Tuition for a Music Major: What’s Included, What’s Not

If you’re a music major and your focus is performance or a performance-related area, you will be taking what are called “applied lessons” on your primary instrument (including voice).

We’ve polled some of the participating schools on MajoringInMusic.com, and find that when private lessons are required as part of your program, those lessons are taken for credit. And the cost of those credit hours are usually included in your overall tuition. Schools often set a maximum number of credit hours that can be taken at the normal rate of tuition each semester or quarter. Above that number, you can anticipate additional charges.

The Extras

Most schools require a music major to pay fees in addition to tuition. The amount varies from school to school, and what’s covered by those fees also differs. For instance, at Northwestern’s Bienen School of Music, accompanist fees are included, while this may not be the case at other schools.

The use of practice rooms is typically included in tuition, however policies vary at different schools and some may charge to reserve a specific practice room throughout the year.

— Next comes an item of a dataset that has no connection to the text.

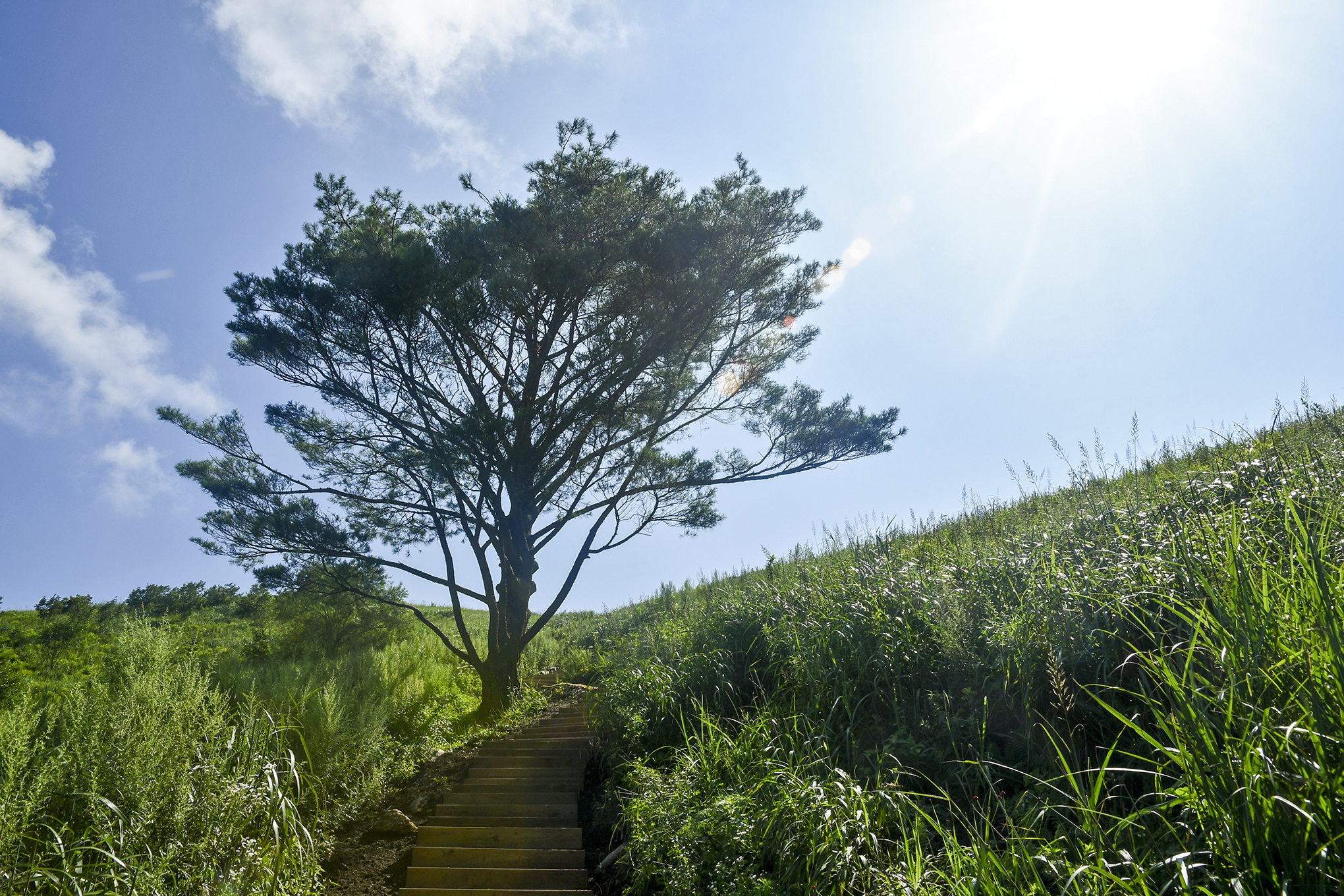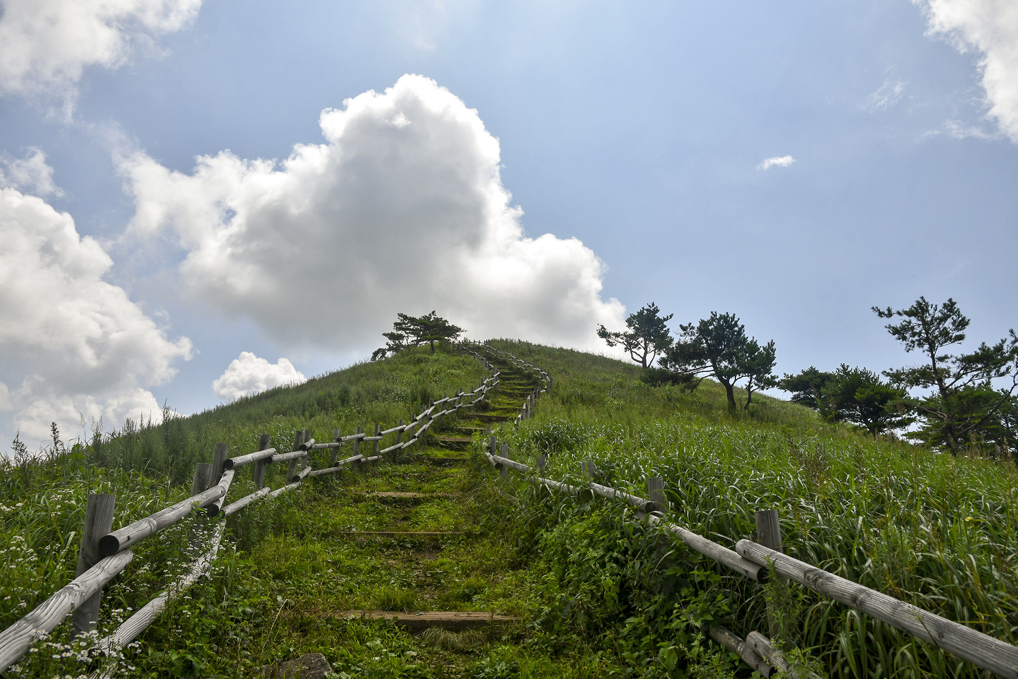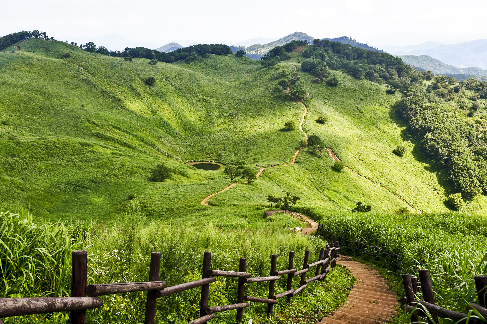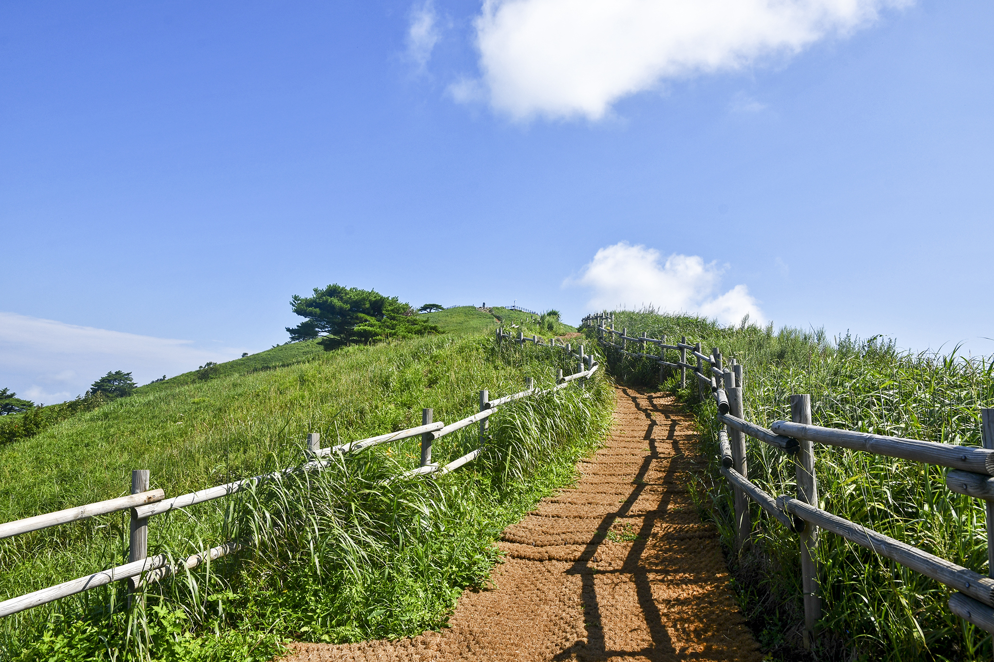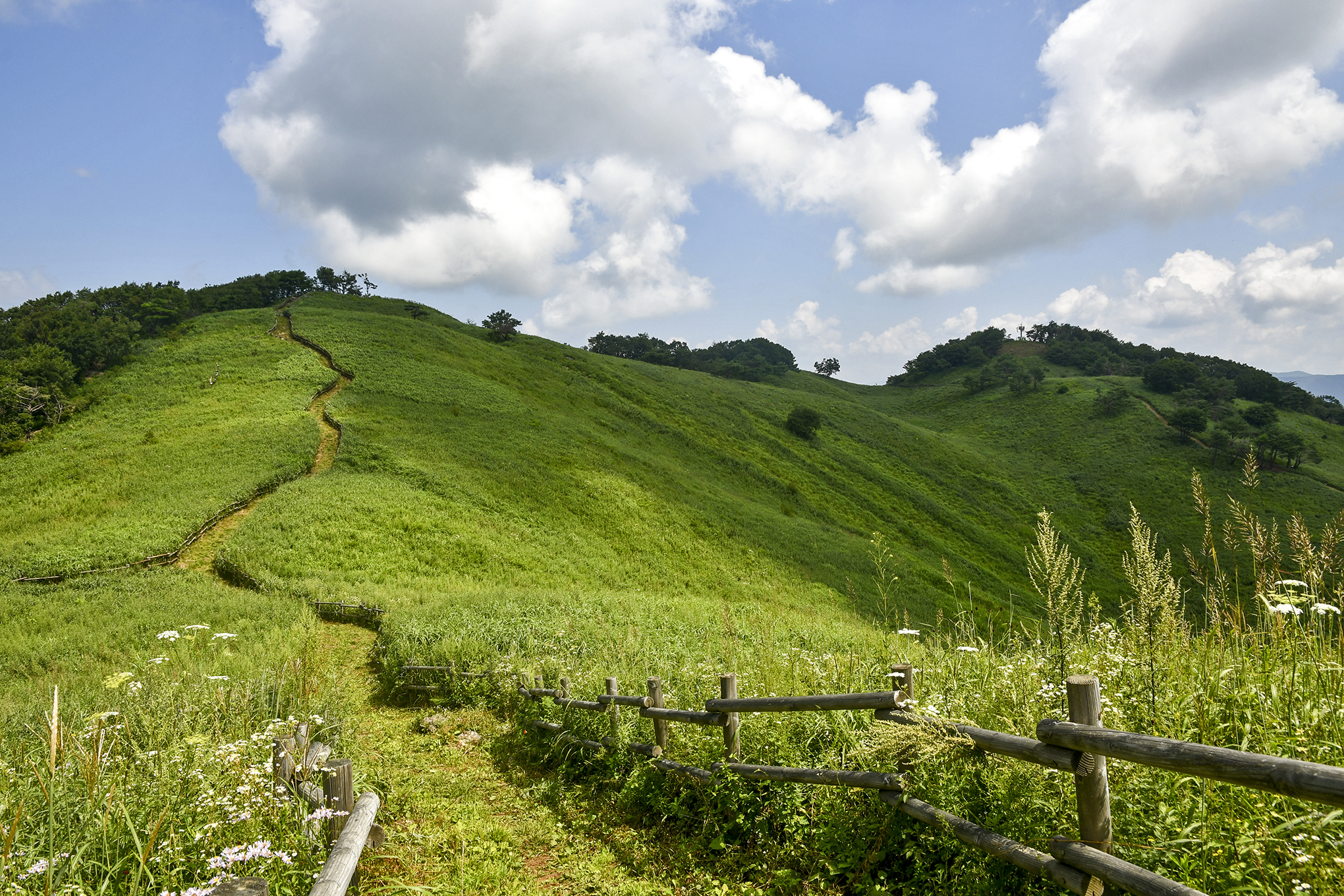 억새풀이 가득한 민둥산, 가을이면 은빛 억새가 반짝이며 장관을 연출하는 길이다.
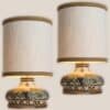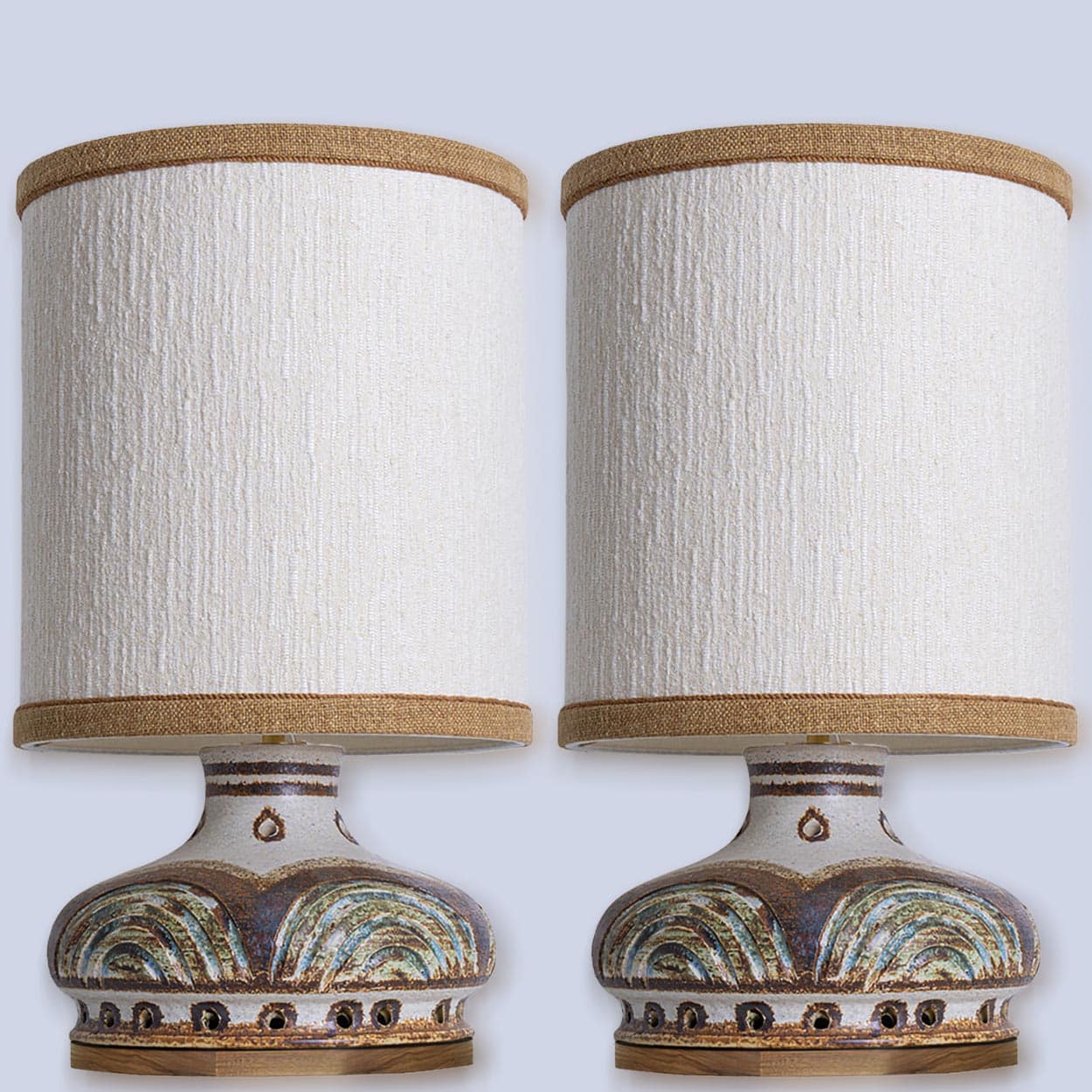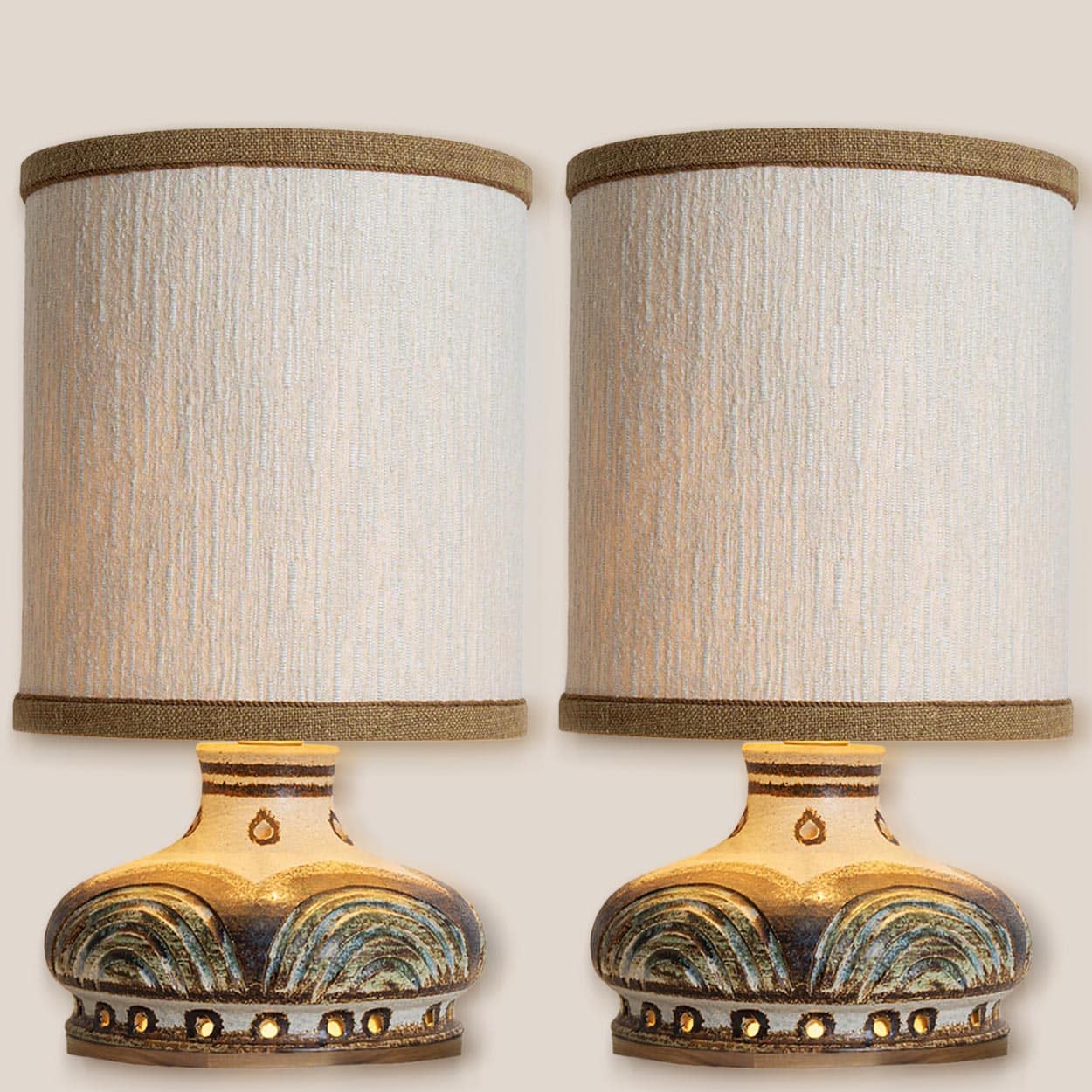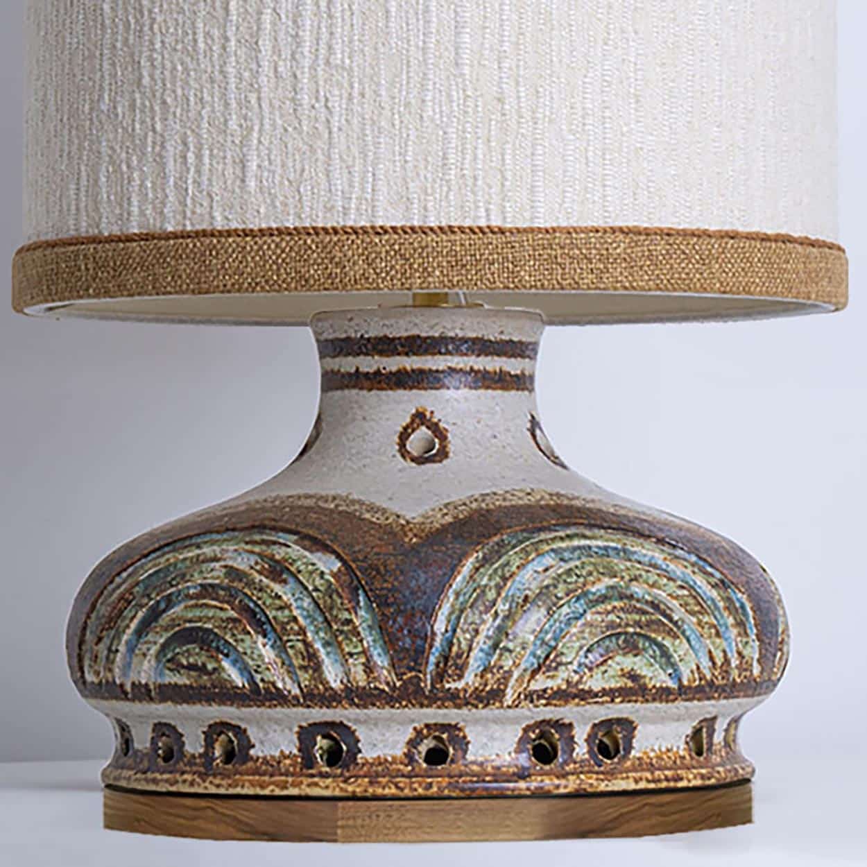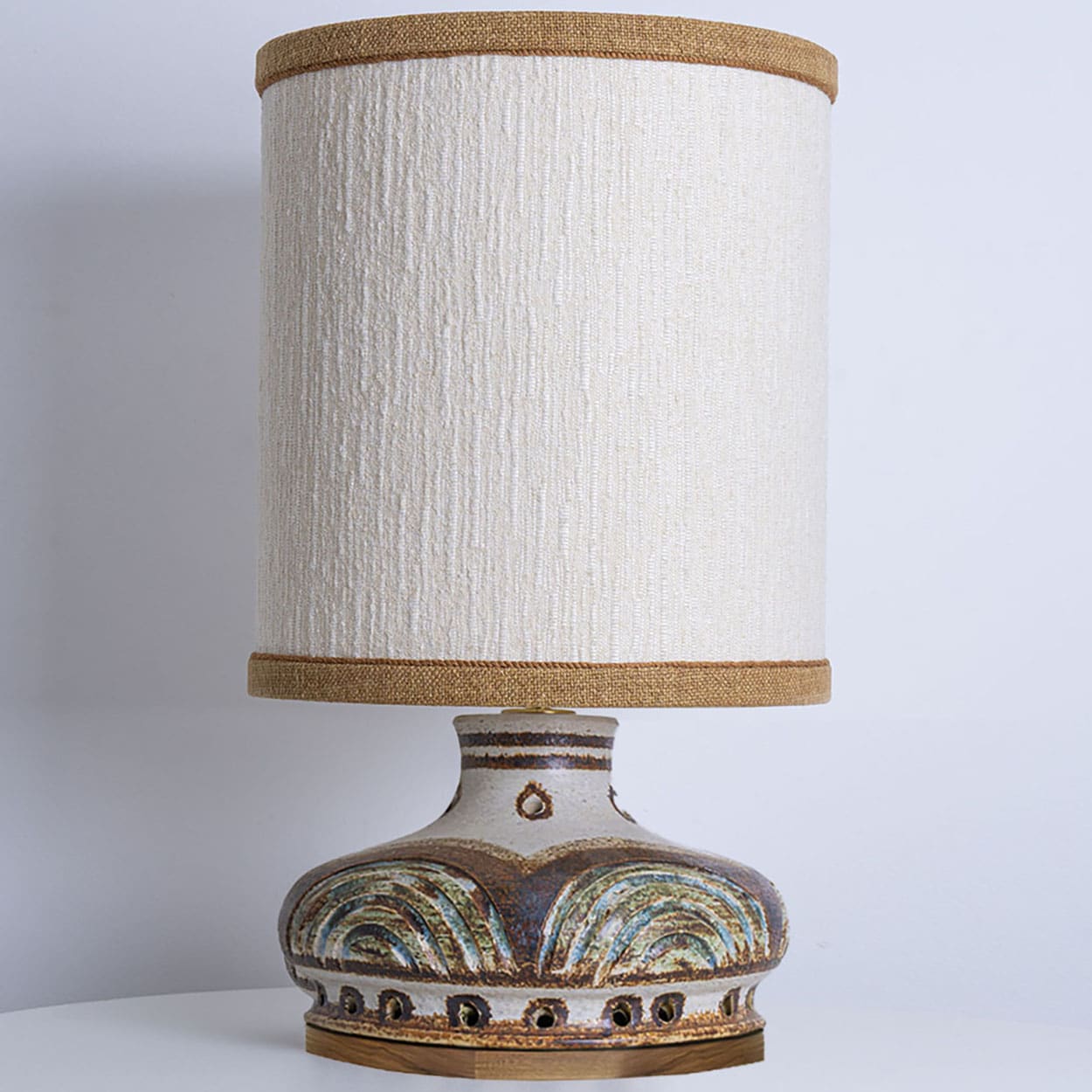 This base used to be a pendant, but is now made to a new lamp base with custom shade by R. Houben in a neutral tone with ochre trimming. Illuminates through as well the shade as the base, creating a stunning combination.

Students who decide to take lessons on a second instrument can anticipate additional fees at many schools. Those who take lessons from faculty other than their primary teacher, from an visiting artist-in-residence, or from a non-faculty instructor can expect to be charged extra for those lessons.

What to Find Out

Prospective music majors are encouraged to visit the tuition page of schools they’re serious about to find out:

  • Are private lessons included in the basic tuition?
  • What are the additional required fees and will scholarships from the schools themselves cover these?

If the answers aren’t apparent, contact the schools directly. In fact, you can use the forms on the participating school pages to learn about policies at these schools.

 

Comments

    • It totally depends on what program you’re applying for and at which school you’re applying. Music business and music industry applicants don’t necessarily need to play an instrument, depending on what school they apply to. Therefore, read carefully each school’s application and audition requirements.